Absolutely ideal is an entire room, as eventually you may want to include easels, books, places to store paint and other supplies, etc. Workable is a distraction free corner of a room, that gives you enough space to not feel cramped. You need to be able to relax and concentrate.

Your choice of desk is personal, but many artists like the option to tilt the table top to better see the work (such as this inexpensive model but I suggest looking around and buying the best you can reasonably afford, because your desk is where you'll spend 90% of your time
). You also need to have plenty of quality light. Incandescent lighting, regular light bulbs, add warmth to colors you see. This means when you paint, your color choices may actually be too cool under more neutral day light, because they now lack the warmth you saw under that warm lighting. By contrast, you get the opposite effect if you work under fluorescent lighting, and you add too much warmth to counter the cooler color of light. The solution is a combination lamp, a lamp that uses both an incandescent light bulb and a fluorescent bulb at the same time to give you balanced color (like this one here). This also has the advantage of having a high quality and well balanced swing arm making it easy to get the light exactly where you need it.
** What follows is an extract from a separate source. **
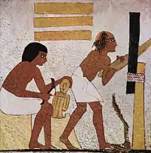 La fabrication et la mise en forme des tuyaux, ainsi que la fixation longitudinale, de même que la pose d'un réseau de plusieurs centaines de mètres, ne peuvent être que l’œuvre d’ouvriers hautement qualifiés, qui ne s'appelaient pas encore plombier, mais en avaient l’expérience et la qualification. Une fresque, dans une des tombes, montre la fabrication d’une feuille de cuivre avant son utilisation, depuis la fonte du minerai et le coulage sur lit de sable, jusqu’à son amincissement par martelage puis sa découpe en feuille[23].

A proper table, lighting, and a comfortable chair are the absolute basics, but there are a few other things to consider. Some shelving comes in handy for reference and art books. Some place to store your supplies will help keep your work space less cluttered. Some kind of cabinet is good, but an artist's taboret is even more flexible. A taboret is a small cabinet on wheels, which makes it mobile, and it is a great height to use the top of it to keep paint and other supplies close at hand while you work, whether at a table or easel. If you've never seen one, these examples will help you visualize what I'm talking about: an inexpensive option and a nicer wooden one.


Lastly, a solid easel helps make your work space complete. If you've only ever worked from a table top, you may not think you need an easel, and for small work you may be right. For larger work, there's no contest. Even though a good drawing table has a tilted surface to allow you to see your work more properly, an easel holds it right in front of you at the proper viewing angle, and the larger the piece, the more important that is. A skewed viewing angle will create all sorts of perspective problems in your artwork. Additionally, when working with wet paint, a piece laying flat is going to collect a lot more dust and debris than one standing upright. Stay away from light weight tripod easels like this one, as these are not stable enough for making art, and are instead more suited to simply displaying art on a short term basis. A more appropriate beginner easel is more like this aluminum student quality easel. Many art schools buy this type in bulk, because they are not too expensive, yet are fairly durable and sturdy. They won't handle very very large sized pieces of art, I'd estimate 2'x3' as being the largest I'd try to manage on one, but most students aren't likely to venture into that size range anyways.



Making the proper time
I mean it when I say you need to MAKE time. I assure you, you will rarely just “find time” if you don’t make an effort to prioritize working and studying. As hard as it may be, this will sometimes mean turning down social engagements, or planning other activities accordingly. Remember, if you were attending an art school, your time would be spoken for with schedules that you need to keep. It is all too easy to fall into the line of thinking of “I don’t have time” unless you MAKE it.

There is of course more flexibility than you’d get at an art school though. You can choose the days and hours that best work for you. Try to be consistent. Don’t cheat yourself out of time by starting late too often, or stopping too early. If you can put in 5 or 6 hours most days you should see fast progress, but if you can only do 2-4 that is still a great block of time. A solid longer block is far far better than many shorter blocks. If at all possible plan at least one long day a week (say 10-12 hours). Those are great days for bigger projects that take more time to prepare and set up, or just allows you a good solid day of progress.